Residents along the southwestern and northeastern coasts of Taiwan drank well water contaminated with a high concentration of arsenic before the establishment of the public water system [35]. Residents in these areas were found to have an increased risk of malignant neoplasms, including cancers of the liver, nasal cavity, lung, skin, bladder and kidney, for both males and females, as well as prostate cancer in males [36, 37]. Although well water was no longer used for drinking or cooking after the mid-1970s, there was still significantly increased risks of urinary cancers [38, 39] and lung cancer [39, 40] in the arseniasis-endemic areas of southwestern and northeastern Taiwan. Our results, showed clusters for malignant neoplasms in these arseniasis-endemic areas, but also did reveal a new carcinogen clustering (for females) in the northen coastal region of Taiwan. This is worthy of more investigation in the future.

According to data from the Center for Disease Control in Taiwan, there is a four-fold higher incidence of tuberculosis in aboriginal portions of the population than in people of Han ethnicity (Hans) [41]. Environmental factors such as hygiene, income, and social behavior (e.g., alcoholism) have been blamed for the prevalence of tuberculosis in aboriginal populations. Genetic variations in NRAMP 1 may also affect susceptibility to and increase the risk of tuberculosis in Taiwanese aboriginals [42]. Here we calculate tuberculosis clusters for males and females by utilizing the local G-statistic. The results show clear spatial clustering in Taiwanese aboriginal townships. Thus, our observations support the results obtained in previous studies. In addition, the hypertensive disease cluster, also possibly closely correlated to mountainous and aboriginal townships, is also worthy of attention. The strength of the relationship between aboriginal populations and hypertensive disease clusters needs further study to clarify. A more detailed survey of hypertensive disease may reveal valuable findings in terms of the risk factors between populations (four main populations are distributed in Taiwan) and hypertensive disease.

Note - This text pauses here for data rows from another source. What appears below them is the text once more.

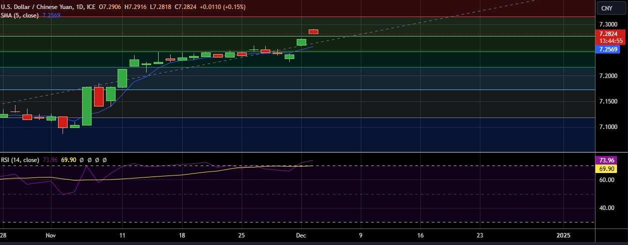 • Immediate resistance is located at 7.291(Daily high), any close above will push the pair towards 7.300(Higher BB)
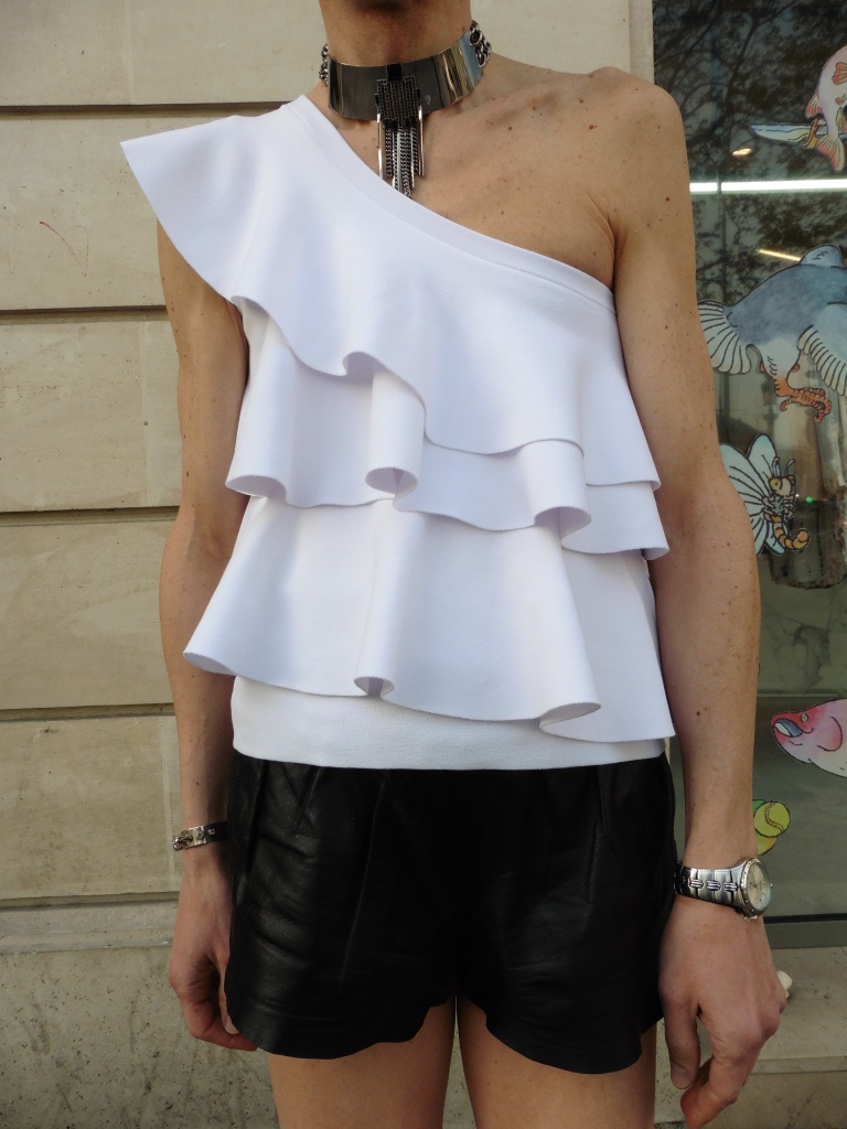 Pour rester dans le thème du noir et blanc d’été, l’élégance intemporelle même en été, voici un nouveau look chic et sexy tout en légèreté. Magnifique débardeur asymétrique à volants de Zadig&Voltaire (collection été 2015). Minishort en cuir Maje (collection antérieure). Collier Satellite (collection antérieure). Chaussures What For.
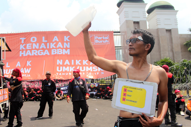 Ratusan buruh dari berbagai aliansi melakukan aksi demo menolak kenaikan harga BBM di depan Gedung DPR RI, Jakarta, Selasa (6/9/2022). Dalam aksinya mereka menuntut 3 tuntutan, yaitu menolak kenaikan harga BBM, menolak omnibus law UU Cipta Kerja, dan ken
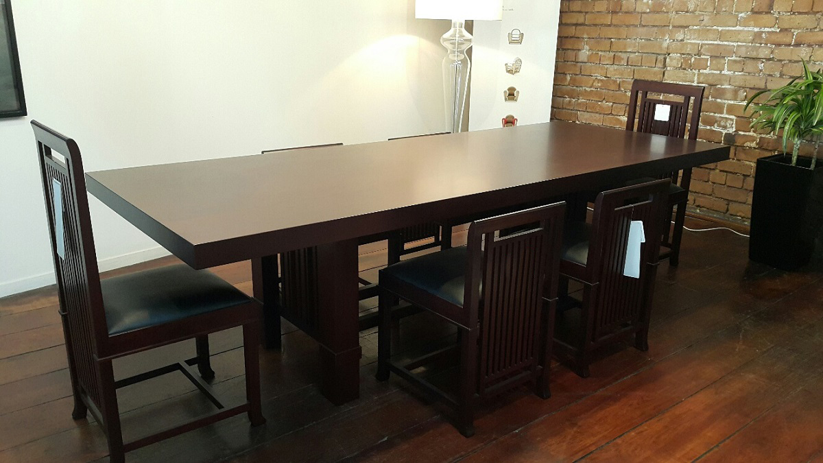 靠背椅,采用天然樱桃木、樱桃木色或黑色胡桃木制造。座垫采用聚氨酯海绵填充,皮革及布艺面料软包。
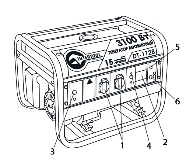 Характеристики Генератор бензиновый Intertool 2.8 кВт, 6.5 л.с., 4-х тактный (DT-1128)
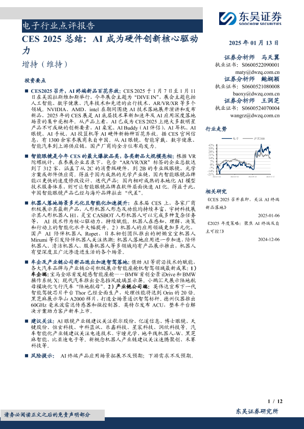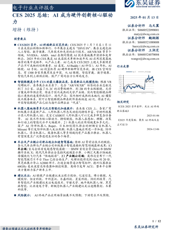 【东吴证券】【20250113】电子行业点评报告:CES+2025总结,AI成为硬件创新核心驱动力-12页
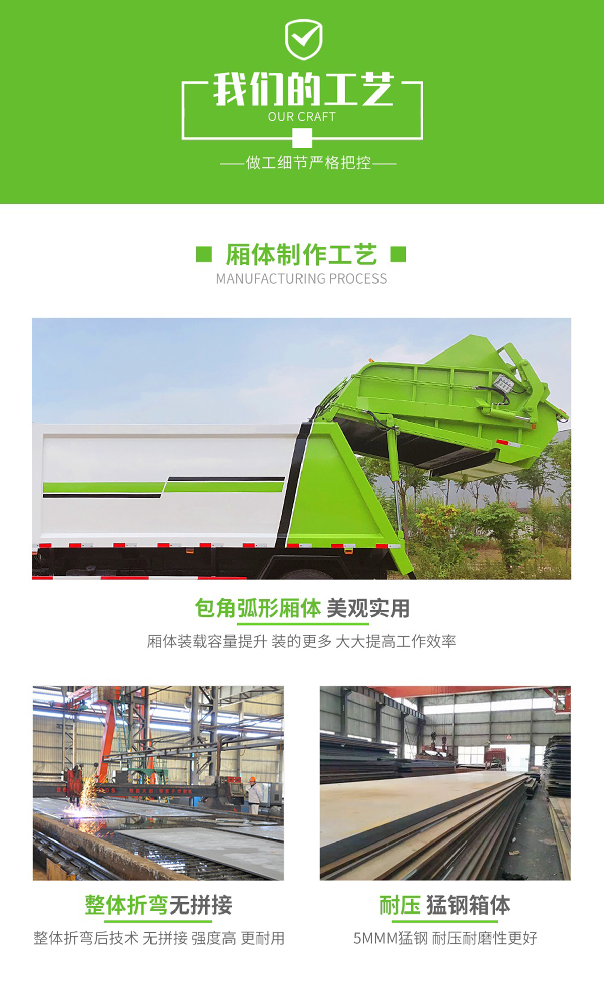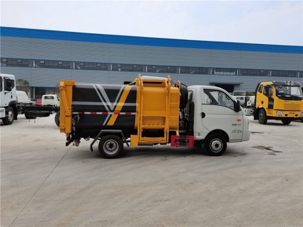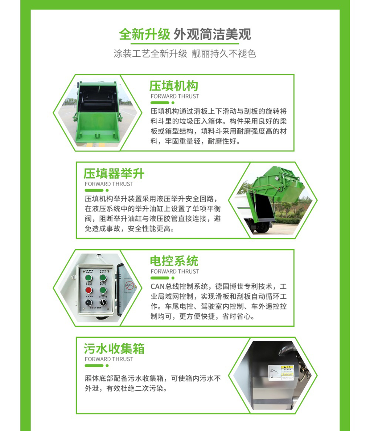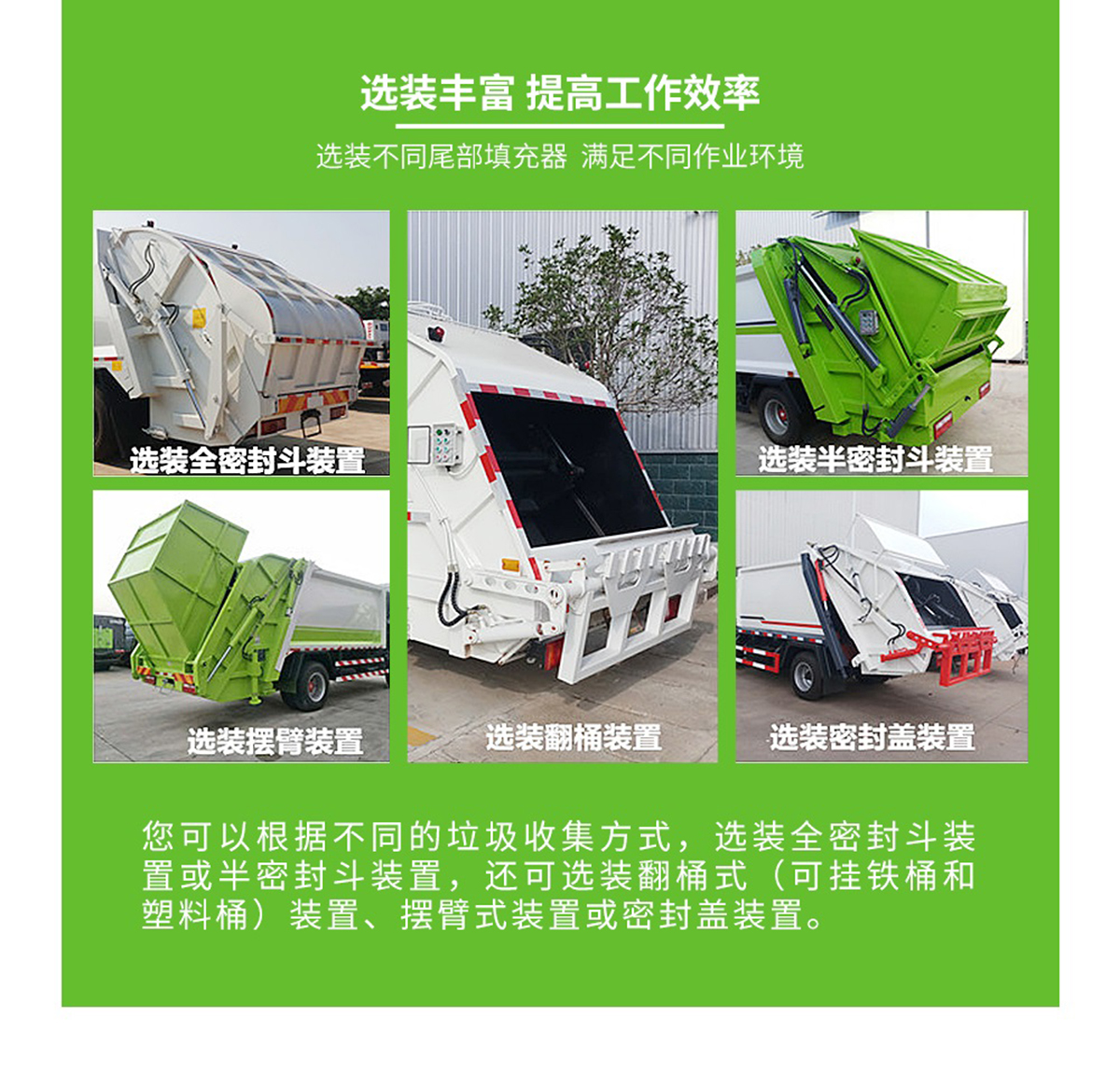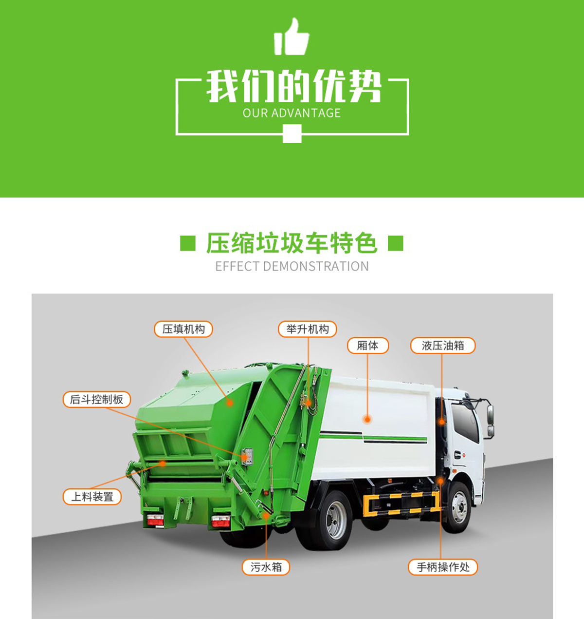 上裝配置:廂體有效容積約4立方米,側(cè)裝掛桶提升機(jī)構(gòu),可定制提升120L或240L垃圾桶,內(nèi)帶全推板,尾部液壓開啟。
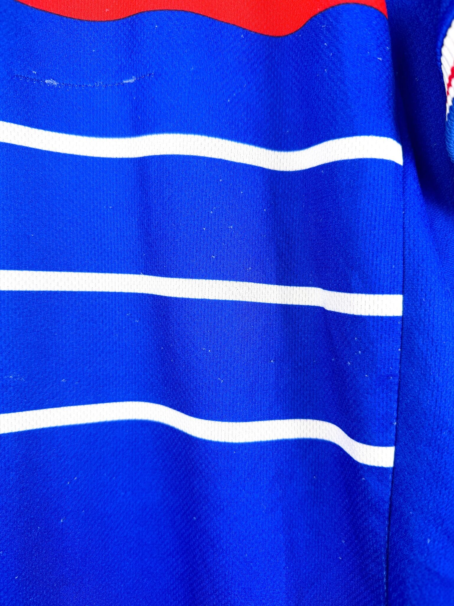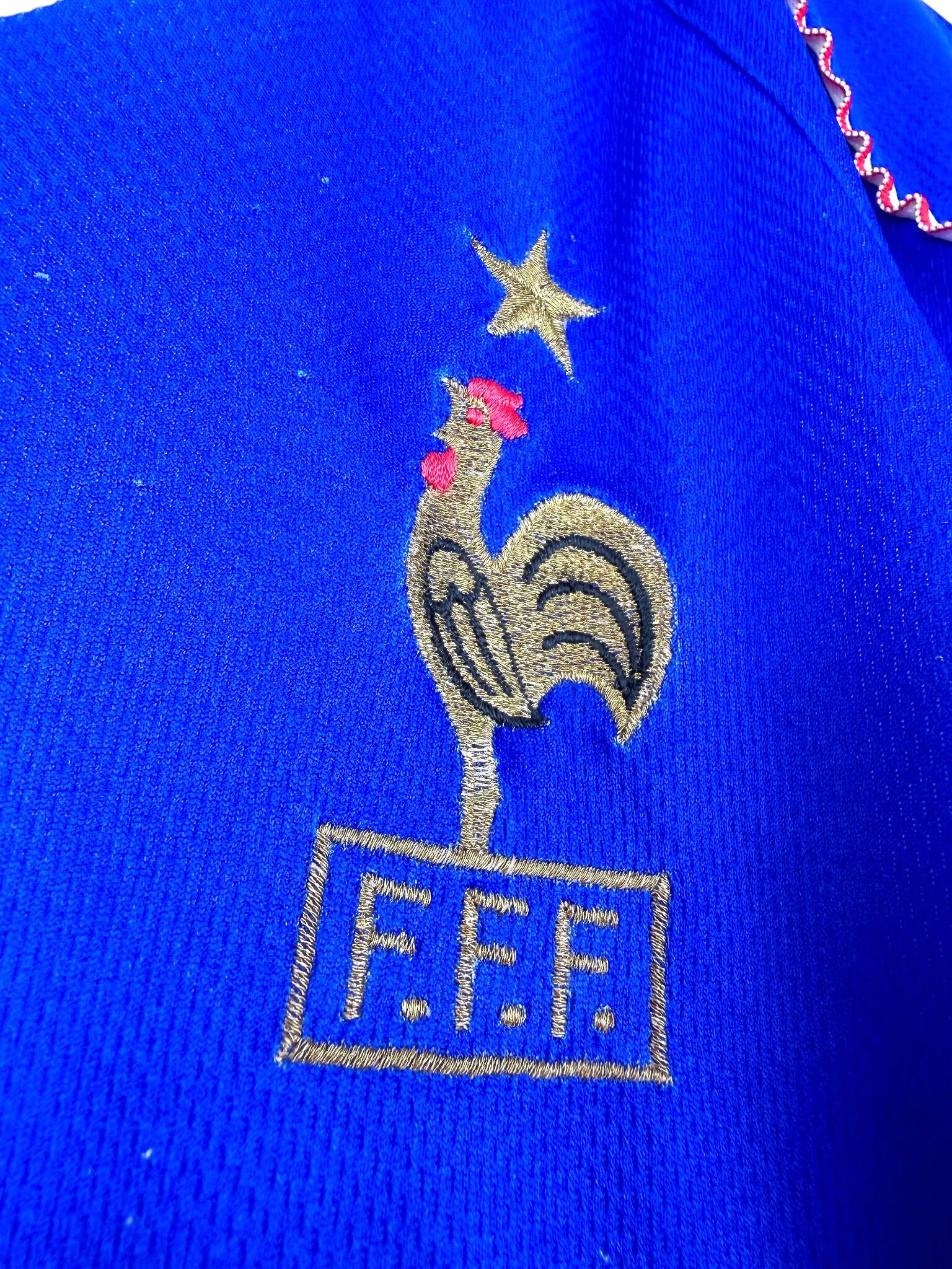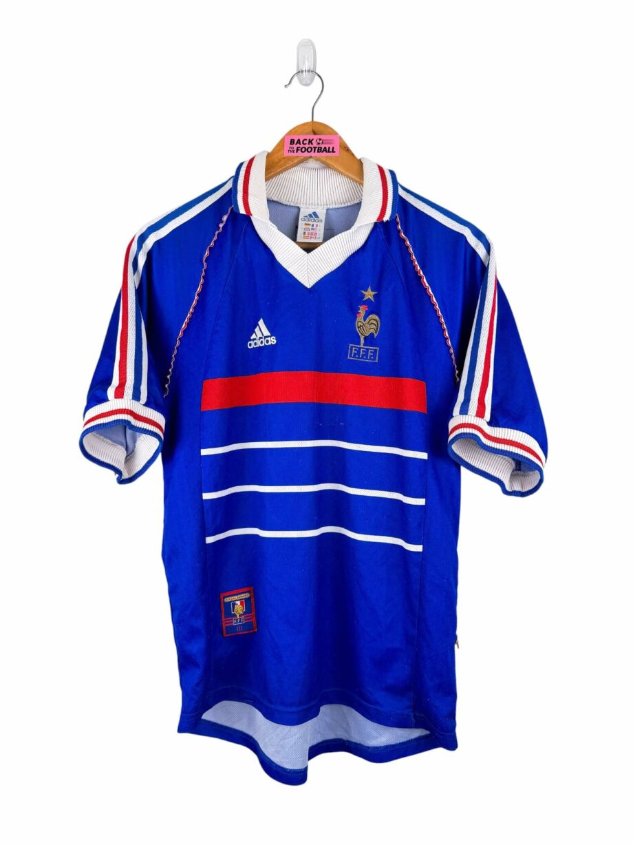 Tu connais la finale de la Coupe du Monde 1998 par coeur? Tu regardes les compilations des contrôles de Zidane sur Youtube? Tu penses souvent au poteau de Gignac? Puis tu penses au second poteau Pavard et ça va mieux? T’espères avoir une 3ème étoile? Alors tu devrais trouver ton bonheur parmi nos maillots de foot vintage de l’équipe de France. Et si t’as des pépites à vendre, on peut aussi racheter ton maillot collector des Bleus.

The z-scores for the local G-statistic are calculated using the logistic regression model. The results for various leading health problems and gender are compared. The test results show statistically significant differences for five health care problems in Taiwan in the year 2006, but another fifteen cases which are not, on the other hand. In other words, the null hypothesis is accepted. The accepted null hypothesis results indicate that the common spatial factor(s) may interact with both sexes.


Spatial autocorrelation calculation is useful for cluster mapping of regional health care problems. Cluster mapping helps to clarify issues such as the spatial aspects of both internal and external correlations of leading health care events. This helps planners to assess spatial risk factors, and to ascertain what would be the most advantageous types of health care policies for the planning and implementation of health care services. These issues can greatly affect the performance and effectiveness of health care services and also provide a clear outline for helping us to better understand the results in depth.